Exercise:
The full listing, excluding its pictures, should be printed exactly as it stands.
Data for processing Start Marker
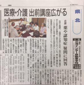当院の出前講座の活動が中国新聞の地方版に掲載されました。
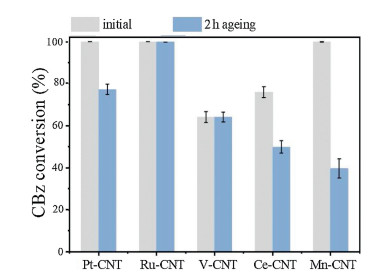 Figure 1. CBz conversion efficiency at 250 ℃ with the two periods of ageing time. Reaction condition: 500 ppm CB, 10 vol% O2, N2 balance and WHSV 20, 000 mL g-1 h-1.Figure 2
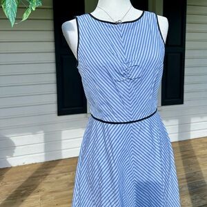 This is a preloved dress by Kate Spade that was rented through Rent the Runway. It is sleeveless with a stripe design in blue and white. It falls around mid length on me (5’4”).
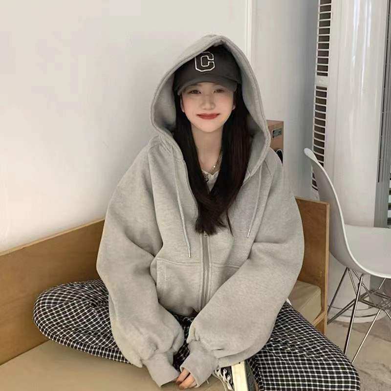 拉链连帽运动卫衣外套女春秋冬季宽松学生开衫盐系大码拉链上衣潮
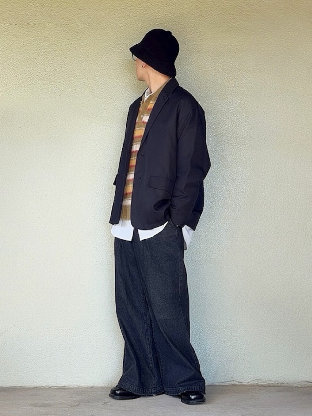 テーラードジャケットコーディネート🙋♂️ インナーはニット🧶(寒さ対策)
Data for processing End Marker
Answer to this problem:
当院の出前講座の活動が中国新聞の地方版に掲載されました。
 Figure 1. CBz conversion efficiency at 250 ℃ with the two periods of ageing time. Reaction condition: 500 ppm CB, 10 vol% O2, N2 balance and WHSV 20, 000 mL g-1 h-1.Figure 2
 This is a preloved dress by Kate Spade that was rented through Rent the Runway. It is sleeveless with a stripe design in blue and white. It falls around mid length on me (5’4”).
 拉链连帽运动卫衣外套女春秋冬季宽松学生开衫盐系大码拉链上衣潮
 テーラードジャケットコーディネート🙋♂️ インナーはニット🧶(寒さ対策)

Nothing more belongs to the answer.